Wie steht es um die Wolkenbildung: seit vielen Wochen, wenn nicht sogar schon seit Monaten beobachtet man eine sehr stabile und konstante Hochdrucklage über Mitteleuropa, die offenbar Wolken weiträumig abhält.

Ja, im Hochdruckgebiet haben wir es großräumig mit von oben absinkenden Luftmassen zu tun, die sich beim Absinken erwärmen und wenig Wasserdampf enthalten. Daher bilden sich kaum Wolken. Die fehlende Wolkenbedeckung derzeit bedeutet auch, dass es keine kühlende Abschattung am Boden durch Wolken gibt. Wolken bilden sich vor allem dann, wenn die Luftmassen aufsteigen, z.B. an Wetterfronten oder im Kern von Tiefdruckgebieten. Dann kühlt die Luft ab und überschüssiger Wasserdampf kondensiert als Wolken aus.
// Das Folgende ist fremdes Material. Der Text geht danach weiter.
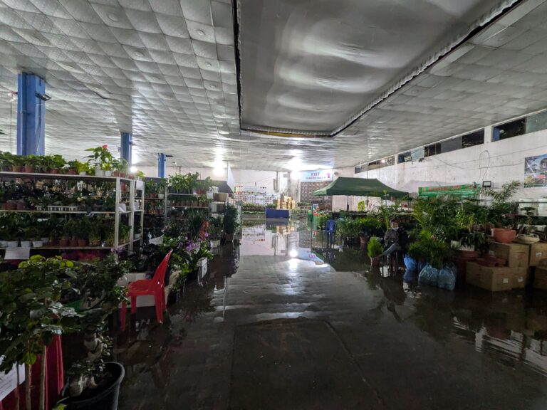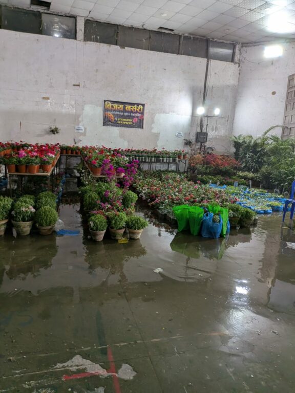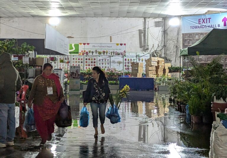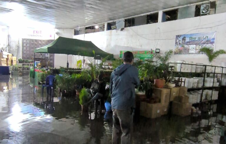 वर्षापछि काठमाडौँको भृकुटीमण्डप प्रदर्शनी हल जलमग्न, फ्लोरा एक्स्पोमा व्यवसायी मारमा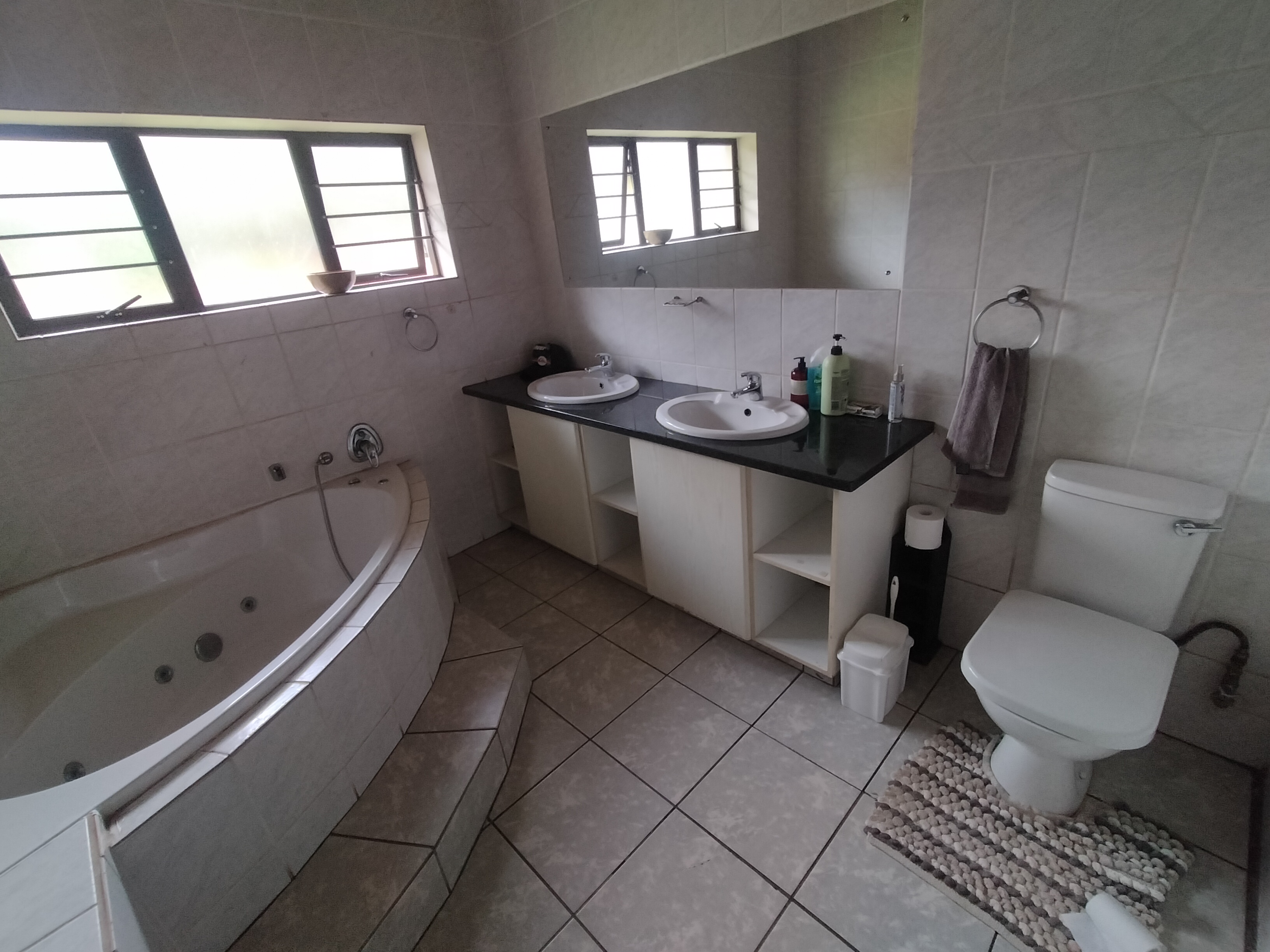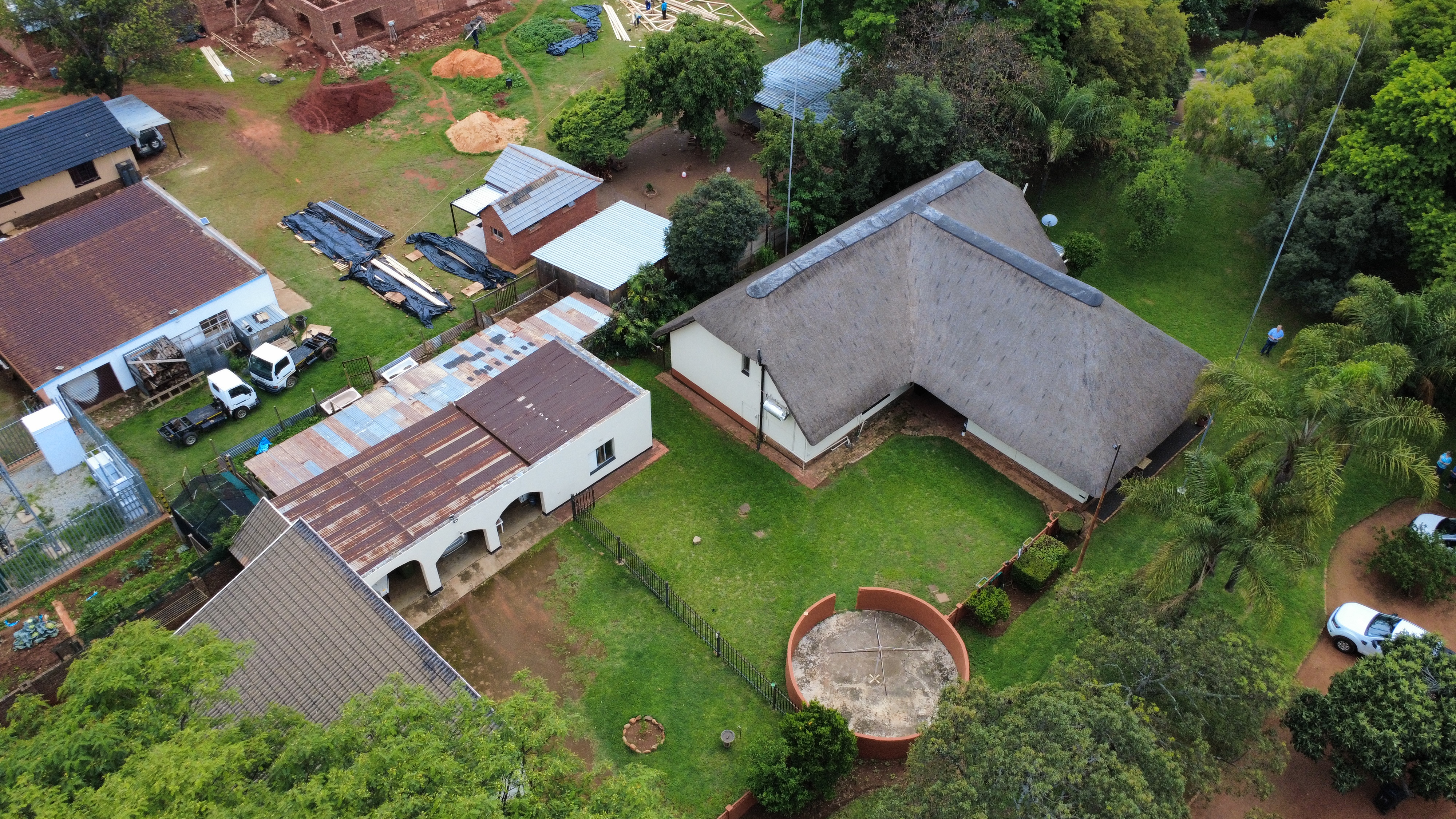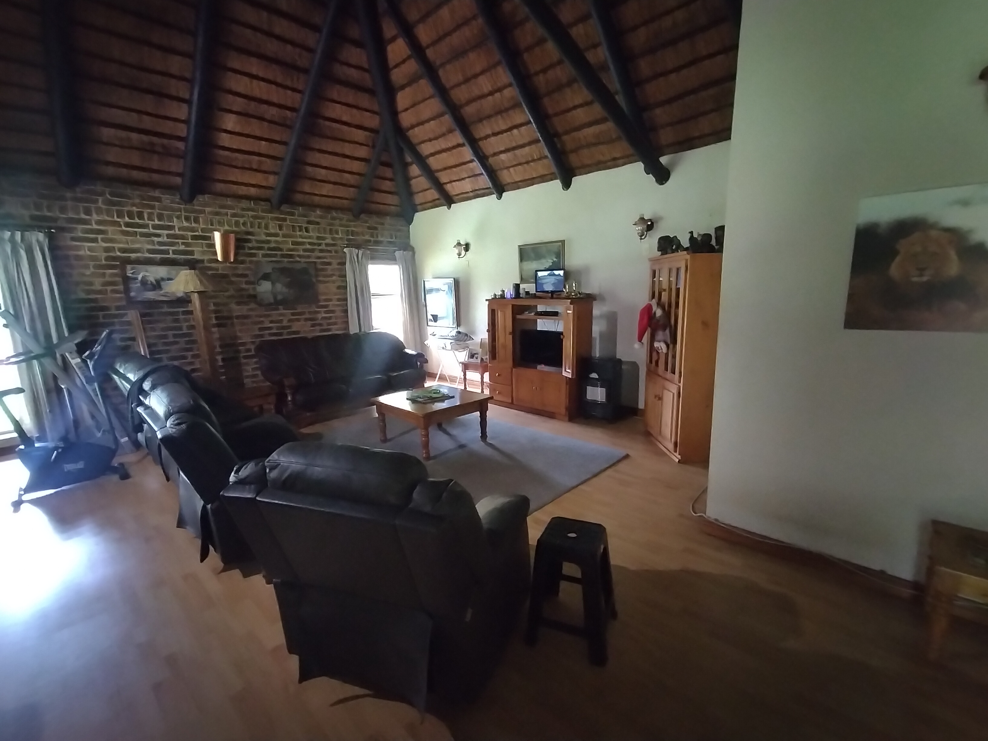 Discover peaceful country living on this 1-hectare plot featuring a beautifully maintained modern thatch home surrounded by tall trees and a serene garden. The inviting patio leads into a spacious lounge with laminate flooring, a dining area, and a charming bar fitted with a Rhodesian teak counter. The stylish kitchen offers granite tops, a pantry, and a gas hob, while the home includes four generous bedrooms with built-in cupboards. The main bedroom boasts a full ensuite bathroom. Added convenience includes prepaid electricity, a security system with CCTV, an outside laundry, storeroom, and a 3-car garage.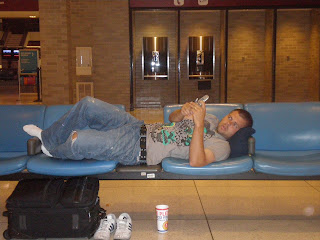 Coming home from New York we encountered bad weather in Dallas. Right before our decent the pilot was told to go back to Memphis (where we had our layover) cuz they wouldn't let us land in Dallas and we couldn't cirlce around forever. So we went back to Memphis and sat on the plane for over an hour waiting for another crew to come and fly us, yet again, back to Dallas. Well, they couldn't get another crew so our flight was canceled and we got to hang out in the NOT SO COMFORTABLE airport overnight (no free hotels when the cancelation is weather related!) YEAH IT SUCKED!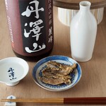 お酒はおすすめに従いまず辰泉・純米吟醸キレカラ、続いて花巴・山廃純米吟醸を冷酒で飲み、燗酒に切り替えて丹澤山・凛峰と隆・純米雄町を。全て90mlで。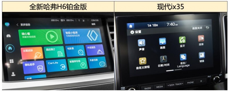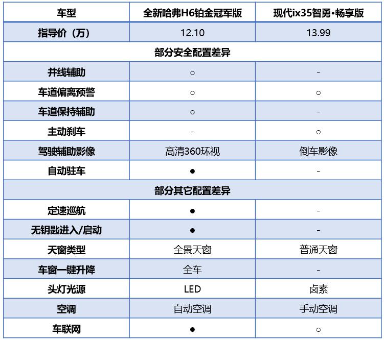 我们选择指导价12.10万元的全新哈弗H6铂金冠军版,对比指导价13.99万元的现代ix35智勇·畅享版,二者价格相差不到2万,也都同属于紧凑级SUV,进行PK也算公平。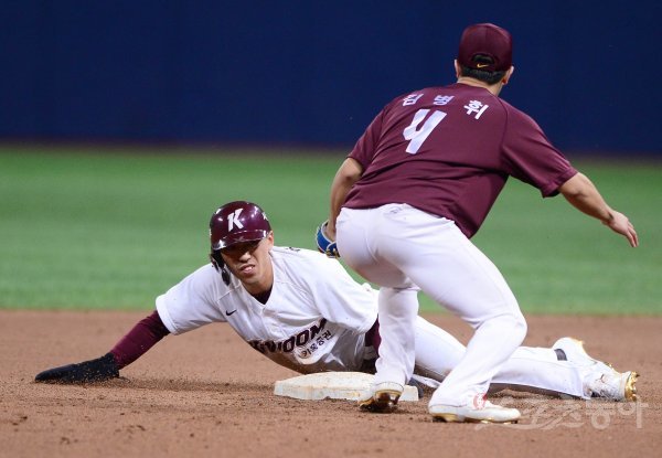 6회말 2사 1루 상황에서 1루주자 박정음이 2루 도루에 성공하고 있다.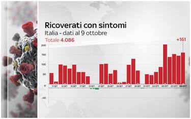 Covid, oggi 9 ottobre 161 nuovi ricoveri (ieri 143), + 29 in terapia intensiva (ieri +21)

Die Ursache für das blockierende Hoch liegt stark in den zuvor beschriebenen stationären planetarischenen Wellen des Jetstreams.

Warum werden Tiefdruckgebiete so weiträumig abgehalten?

Die Tiefdruckgebiete werden in einer solchen Situation weit im Norden an Europa vorbeigeleitet, bzw. die Tiefs liegen auch recht lange im Westen und im Osten des Hochs. Eine solche Situation kann über mehrere Tage bis Wochen anhalten, sehr stabil im Vergleich zu unserem sonst in mittleren Breiten meist wechselhaften Wetter, bei dem Tiefdruckgebiete und Tiefausläufer alle paar Tage über Deutschland hinwegziehen.

Wieso scheinen teilweise entstehende Gewitter- und Starkregenereignisse innerhalb dieser Hochdrucklage lokal immer begrenzter zu sein (in Frankfurt-Schwanheim regnet es, in Frankfurt Bergen-Enkheim bleibt es gleichzeitig total trocken)?

Die starke thermische Konvektion, die zu Wärmegewittern führt, also das schnelle vertikale Aufsteigen von Luftpaketen, die am Boden erhitzt worden sind, ist ein viel kleinskaligeres Phänomen als die großräumigen Hoch- und Tiefdruckgebiete. Ähnlich den Gasblasen in kochendem Wasser, steigt auch die Luft vom Boden auf und transportiert Wärmeenergie und Luftfeuchtigkeit nach oben ab. Mit dem Aufsteigen der Luftpakete dehnt sich diese Luft aus, kühlt sich ab, und wenn der Wasserdampf auskondensiert, bilden sich bei hochreichender Konvektion Wärmegewitter. Aber den Wettermodellen fehlt die Auflösung und auch die genaue Bestimmung der Anfangsbedingungen, um diese Ereignisse lokal genau vorherzusagen, so wie es beim Topf mit kochendem Wasser kaum möglich ist, vorherzusagen, wo die nächste Blase aufsteigt. Auch die genaue Vorhersage, wo sich genau Hagel bildet und wie groß die Hagelkörner anwachsen werden, ist derzeit nicht möglich.

Haben möglicherweise auch die Hochhäuser der Stadt Frankfurt einen limitierenden Einfluss auf die Wolkenbildung oder können einen Wolkenumlenkungseffekt um Frankfurt herum verstärken?

Auf die großskaligen Hoch- und Tiefdruckgebiete haben die Hochhäuser kaum Einfluß. Die Hochhäuser beeinflussen die Luft vor allem in der bodennahen Grenzschicht, also etwa im untersten Kilometer der Atmosphäre. Wir kennen aber den städtischen Wärmeinseleffekt, der dafür sorgt, dass sich die Luft im Stadtgebiet deutlich stärker erwärmt als im Umland. Dies kann dann auch lokal die Konvektion beeinflussen.